Design patterns covered by this post have been used in Open Loyalty rewarding and CRM platform. Please check it on the github: https://github.com/DivanteLtd/open-loyalty.
Check the code!
Authorization is a key feature of any enterprise grade application. If you remember the beginnings of web 2.0 and Web API’s back then – typical authorization scenario was based on API key or HTTP authorization. With ease of use there were some downsides attached. Basically, these “static” (API key) and not strongly encrypted (basic auth.) methods were secure enough.

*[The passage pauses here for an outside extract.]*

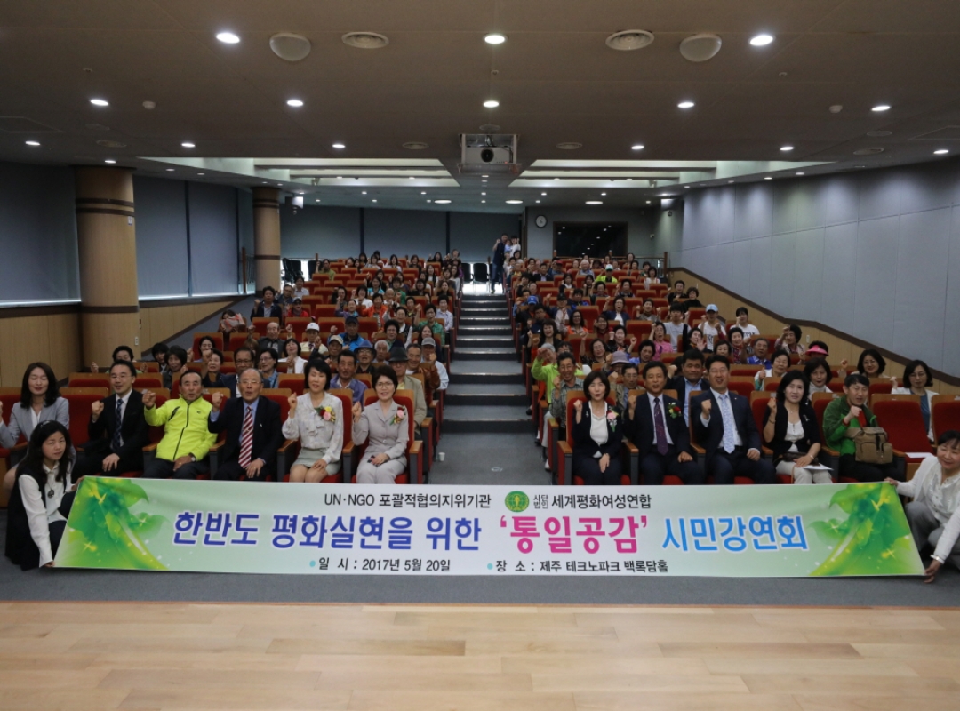 세계평화여성연합(이하 여성연합, WFWP)이 주최하고 세계평화여성연합 제주지부가 주관한 「통일공감-시민강연회」가 5월 20일(토) 제주 테크노파크 백록담홀에서 제주시민 및 회원 130여명이 참석한 가운데 개최되었다.

Here, delegated authorization methods come into action. By delegated, we mean that authorization can be given by an external system / identity provider. One of the first methods of providing such authentication was the OpenID standard developed around 2005. It might provide a One Login and Single Sign On for any user. Unfortunately, it wasn’t widely accepted by identification providers like Google, Facebook or e-mail providers.
The OAuth standard works pretty similarly to OpenID. The authorization provider allows Application Developers to register their own applications with the required data-scope to be obtained in the name of the user. User – authorizes specific applications to use with their account.

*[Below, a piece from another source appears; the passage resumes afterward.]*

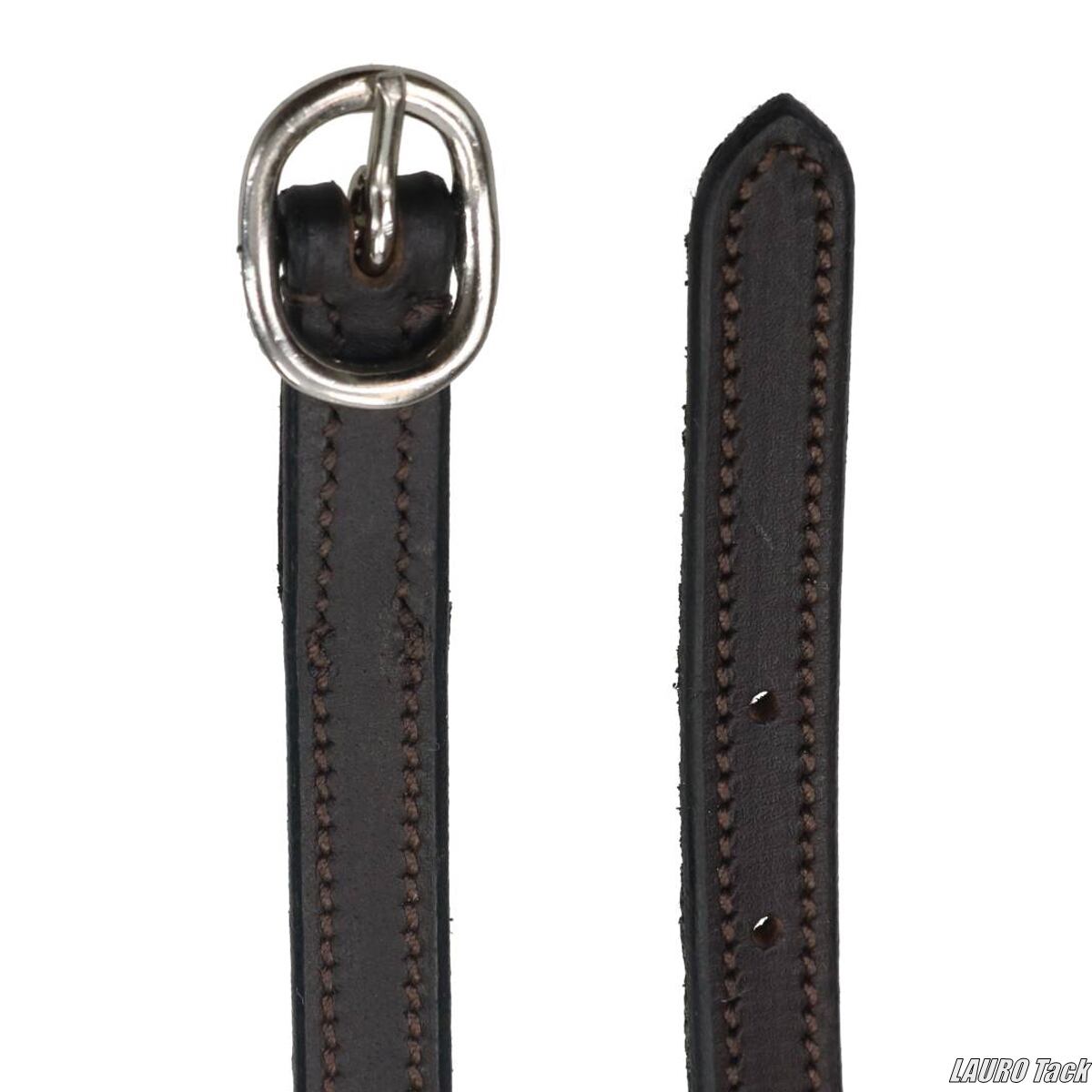 上質感のあるレザー拍車革です。柔らかくしなやかなレザーを使用し、カラーや金具の組み合わせを選べる仕様です。ゴールドまたはシルバーカラーのバックルを備え、左右1組での販売です。

Facebook or Google Account login screens are a well-known part of OAuth authorization.
Authorization screen for Google Accounts to authorize external application to use Google APIs in the name of the user.

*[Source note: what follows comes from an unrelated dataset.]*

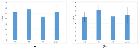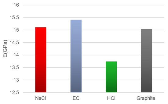 Figure 3), the EC sample with the lowest porosity showed the highest Young’s modulus. The other samples did not show too much difference in the porosity level (at least if the amount of porosity stemming from the surface roughness for the graphite sample is subtracted (~1%) or directly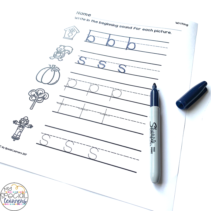 In the set of worksheets there are some writing worksheets for writing the beginning letter sound, along with writing the full word that goes with each photo. Great for beginning sounds, letter formation, and writing goals!

After accepting the application request the authority party returns a temporary Access Token which should be used with API calls to verify the user identity. The Internal Authorization server checks tokens with its own database of issued tokens – paired with user identities, ACLs etc.
Authorization tokens are issued for a specific amount of time and should be invalidated after it. Token authorization is 100% stateless; you don’t have to use sessions (like with old-good session based authorization). Oauth 2.0 requires SSL communication and avoids additional request-response signatures required by the previous version (request were signed using HMAC algorithms); also workflow was simplified with 2.0 removing one additional HTTP request.
Authorization flow for oauth2.
OAuth tokens don’t push you to display the authentication dialog each time a user requires access to their data. Following this path wouldn’t be possible to check e-mail in the background or do any batch processing operations. So how to deal with such background-operations? You should use “offline” tokens – which are given for longer time periods and can also be used to remember client credentials without requiring login/password each time the user hits your application.
There is usually no need for writing your own OAuth code as many open source libraries are available for most OAuth providers and frameworks. Just take a look on github!
There are SaaS solutions for identity and authorization such as Amazon Cogito or Auth0 that can be easily used to outsource the authorization of your API’s.
JSON Web Tokens (JWT)
Yet another approach to token based authorization are JWT (JSON Web Tokens). They can be used for stateless claim exchange between parties. As oauth tokens require validation by the authenticating party between all requests – JSON Web Tokens are designed to self-contain all information required and can be used without touching the database or any other data source.
JWT are self-contained which means that tokens contain all information. They are encoded and signed up using HMAC.
This allows you to fully rely on data APIs that are stateless and even make requests to downstream services. It doesn’t matter which domains are serving your APIs, so Cross-Origin Resource Sharing (CORS) won’t be an issue as it doesn’t use cookies.
EXAMPLE: We’ve used angular-jwt on the client side of Open Loyalty to authorize all the frontend operations. JWT are self-contained which mean you can decode all required data on the client side without breaching security.
Validation of HMAC tokens requires the knowledge of the secret key used to generate the token. Typically the receiving service (your API) will need to contact the authentication server as that server is where the secret is being kept.
Please take a look at the example.
Example token:
eyJhbGciOiJIUzI1NiIsInR5cCI6IkpXVCJ9.eyJzdWIiOiIxMjM0NTY3ODkwIiwib mFtZSI6IkpvaG4gRG9lIiwiYWRtaW4iOnRydWV9.TJVA95OrM7E2cBab30RM HrHDcEfxjoYZgeFONFh7HgQ
Contains following information:
| Header (algorithm and token type) | { “alg”: “HS256”, “typ”: “JWT” } |
| Payload (data) | { “sub”: “1234567890”, “name”: “John Doe”, “admin”: true } |
| Signature | HMACSHA256( base64UrlEncode(header) + “.” + base64UrlEncode(payload),) secret base64 encoded |
JWT tokens are usually passed by HTTP Bearer header, then stored client side using localStorage or any other resource. Tokens can be invalidated at that time (exp claim included into token).
Once returned from authorization, service tokens can be passed to all API calls and validated server side. Because the HMAC based signing process tokens are safe.
JWT based authorization is pretty straight forward and it’s safe. Tokens can be trusted authorized parties because of the HMAC signature; therefore information contained by them can be used without checking ACL’s and any further permissions.
Published May 8, 2017